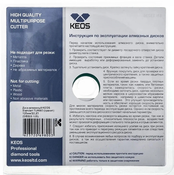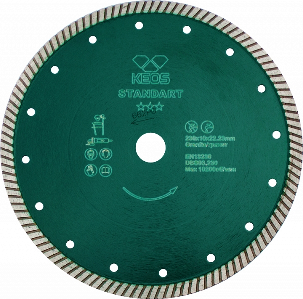 Диск алмазный по граниту Keos Standart Turbo Granite 230 мм (Кеос Стандарт Турбо Гранит 230 мм) предназначен для резки гранита, бетона, армированного бетона (железобетона), базальта, бордюрного камня, брусчатки, искусственного камня, природного камня, кирпича, клинкера, песчаника и т.д. ушм (болгарками), штроборезами, бензорезами, электрическими резчиками и плиткорезами, стенорезными машинами, как с подачей воды, так и всухую.
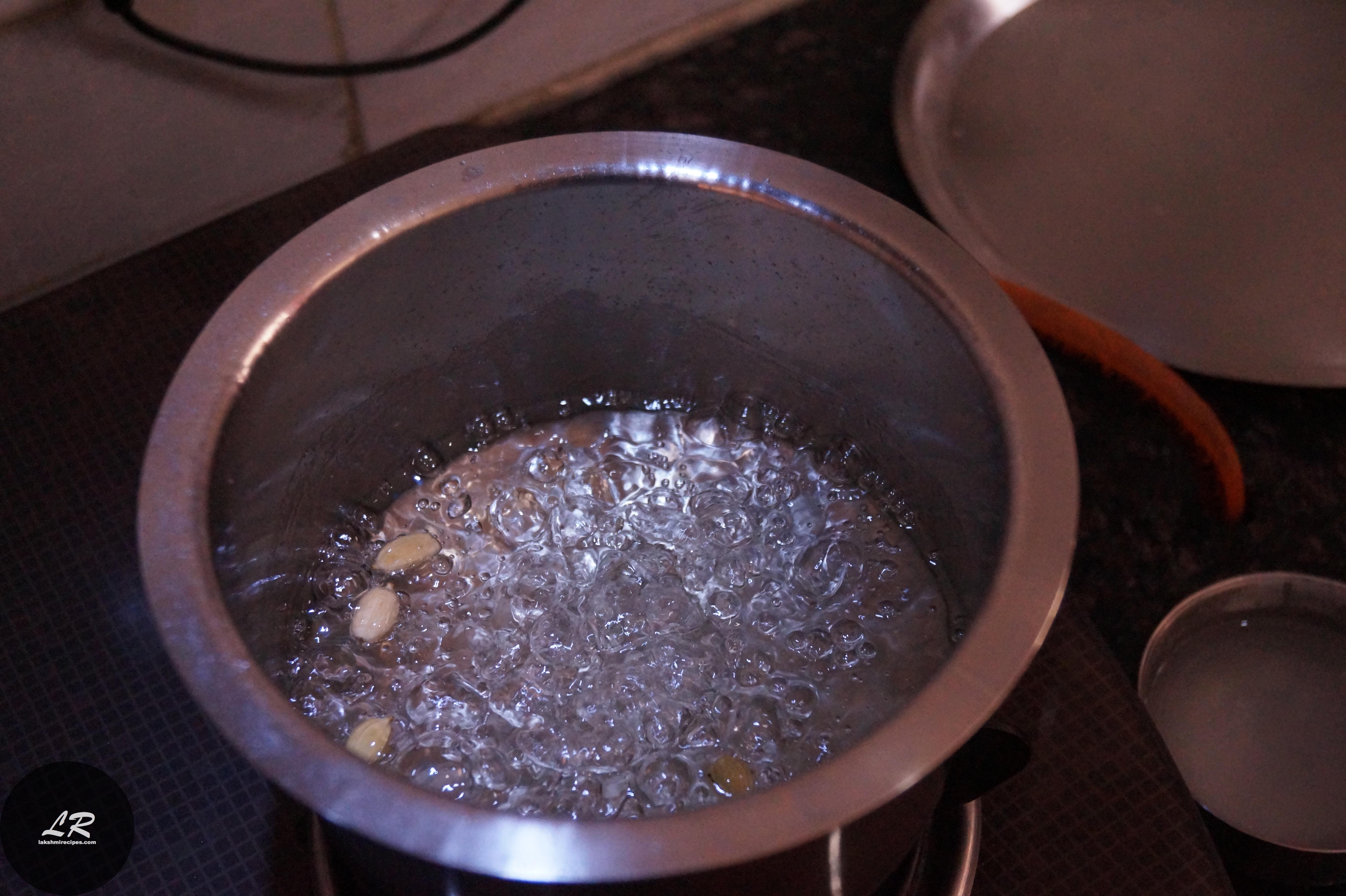 - Add cardamom (chhoti elaichi) when the contents come to boil and stir.
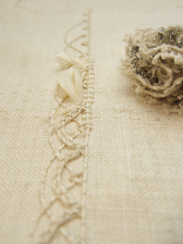 I stitched an approximation of the lace pattern on top of the previous layer.
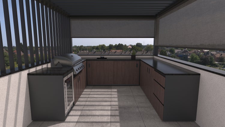 Das Set Napoli im Dekor Amerikanische Walnuss mit einer Arbeitsplatte aus Granit besteht aus einem Element mit Spüle, Eckelementen, einem Element mit Türen, einem Element mit Schubladen, einem Element mit einem Outdoor-Kühlschrank und einem Element mit eingebautem Grill.
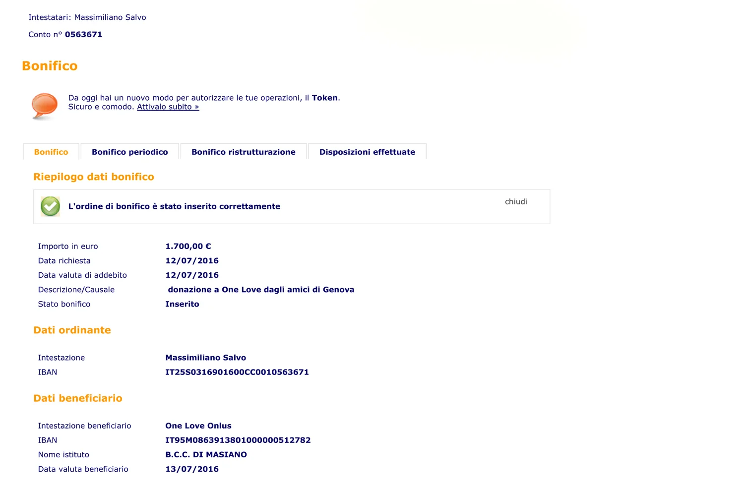La cifra che avanzerà sarà consegnata comunque a One Love Onlus con un nuovo bonifico, visto che tanto devo ancora ricevere qualche donazione.
=-=-=
*What is needed*: The lines from the one containing "I stitched an" up to and including the last line of the material above are to be given again exactly; any pictures are dropped.

*Result for this exercise*:
 I stitched an approximation of the lace pattern on top of the previous layer.
 Das Set Napoli im Dekor Amerikanische Walnuss mit einer Arbeitsplatte aus Granit besteht aus einem Element mit Spüle, Eckelementen, einem Element mit Türen, einem Element mit Schubladen, einem Element mit einem Outdoor-Kühlschrank und einem Element mit eingebautem Grill.
La cifra che avanzerà sarà consegnata comunque a One Love Onlus con un nuovo bonifico, visto che tanto devo ancora ricevere qualche donazione.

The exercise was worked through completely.